====== Dataset extract ======
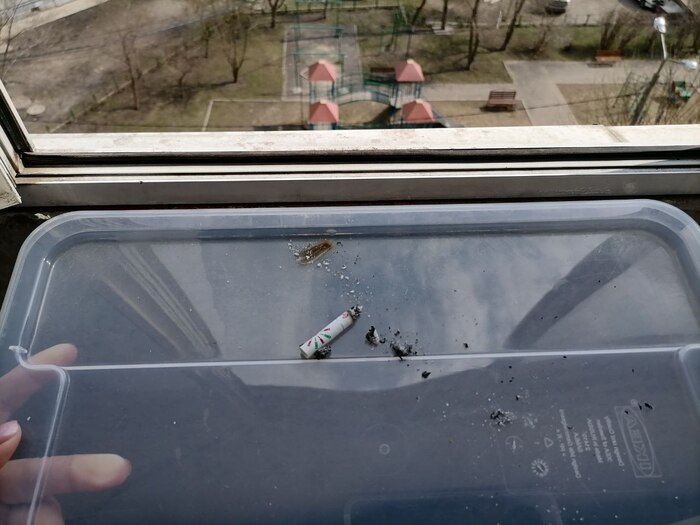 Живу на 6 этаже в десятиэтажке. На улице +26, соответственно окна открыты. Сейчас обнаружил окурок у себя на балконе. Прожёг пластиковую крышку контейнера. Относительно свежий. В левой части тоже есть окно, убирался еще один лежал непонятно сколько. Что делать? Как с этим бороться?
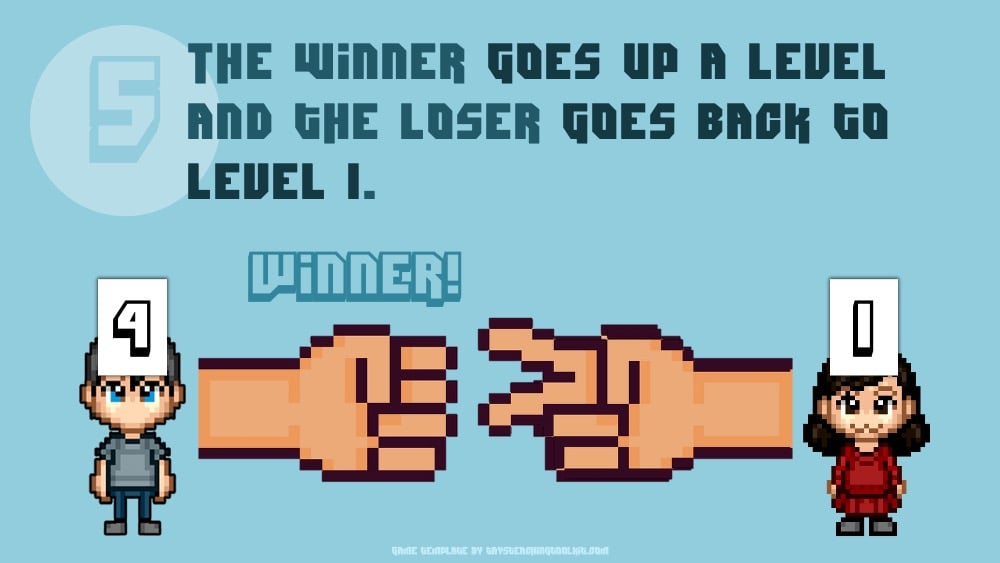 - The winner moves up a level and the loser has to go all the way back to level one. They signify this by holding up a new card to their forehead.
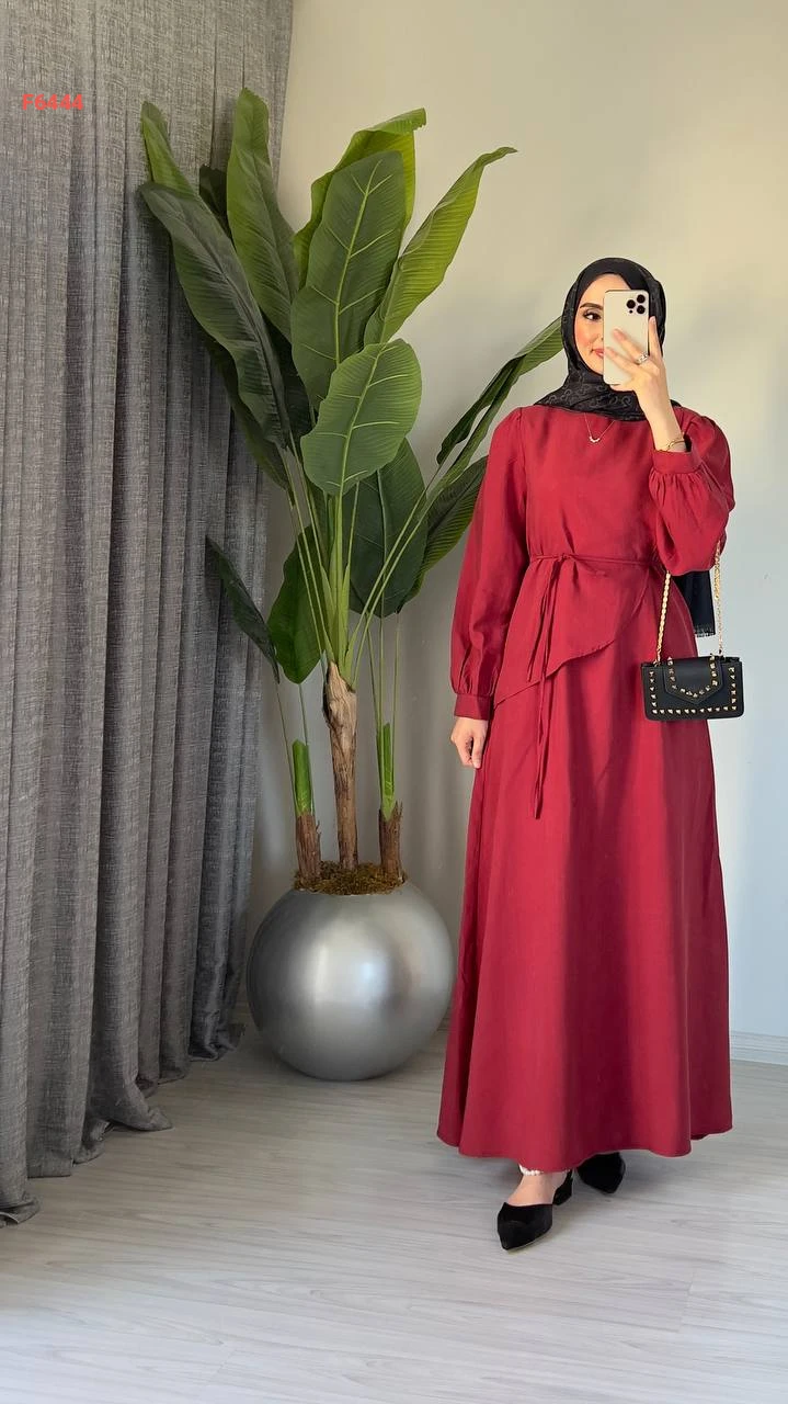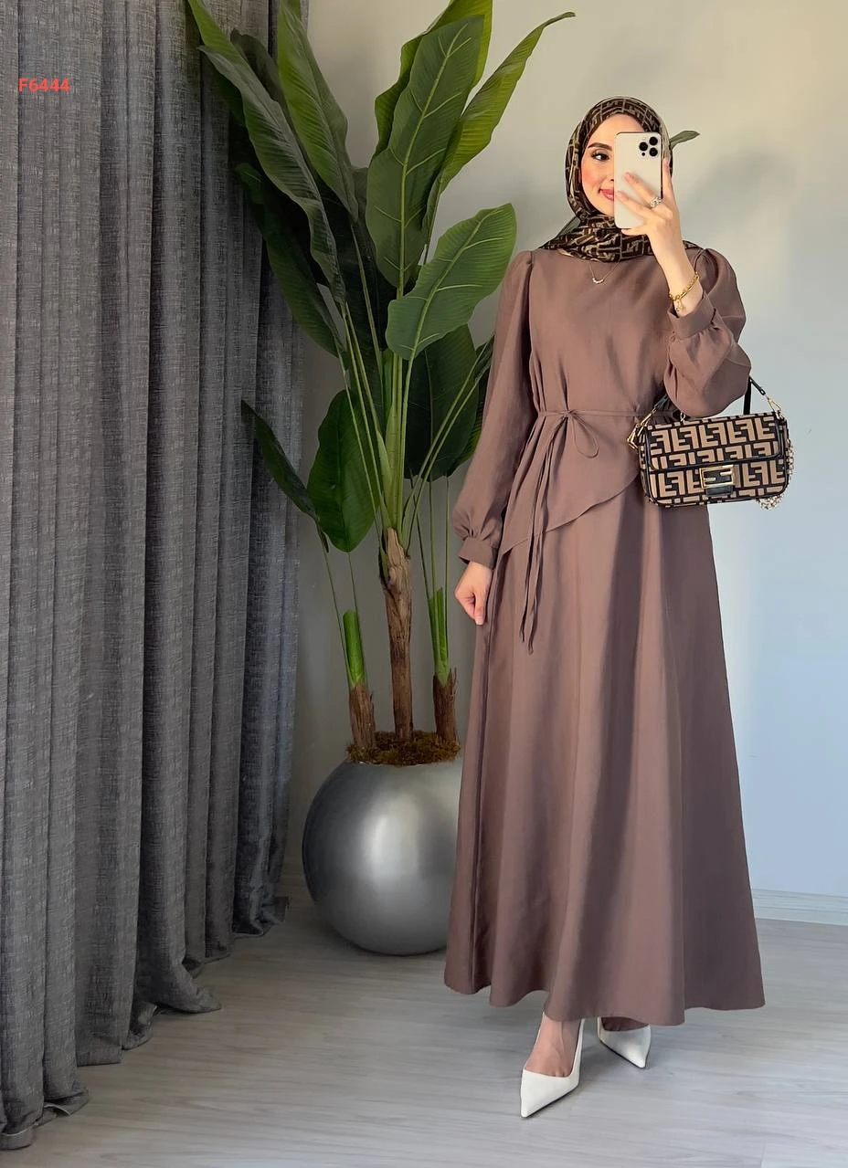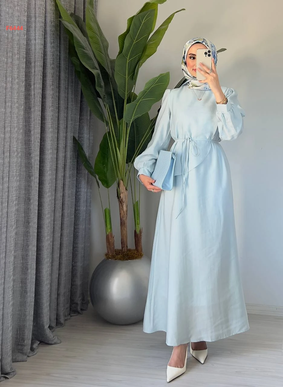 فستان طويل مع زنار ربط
======
■ **What you are asked to do**: Find the line containing "- The winner", then extract it and every line after it to the end of the data above, exactly and nothing else, without pictures.

■ **Exercise solution**:
 - The winner moves up a level and the loser has to go all the way back to level one. They signify this by holding up a new card to their forehead.
 فستان طويل مع زنار ربط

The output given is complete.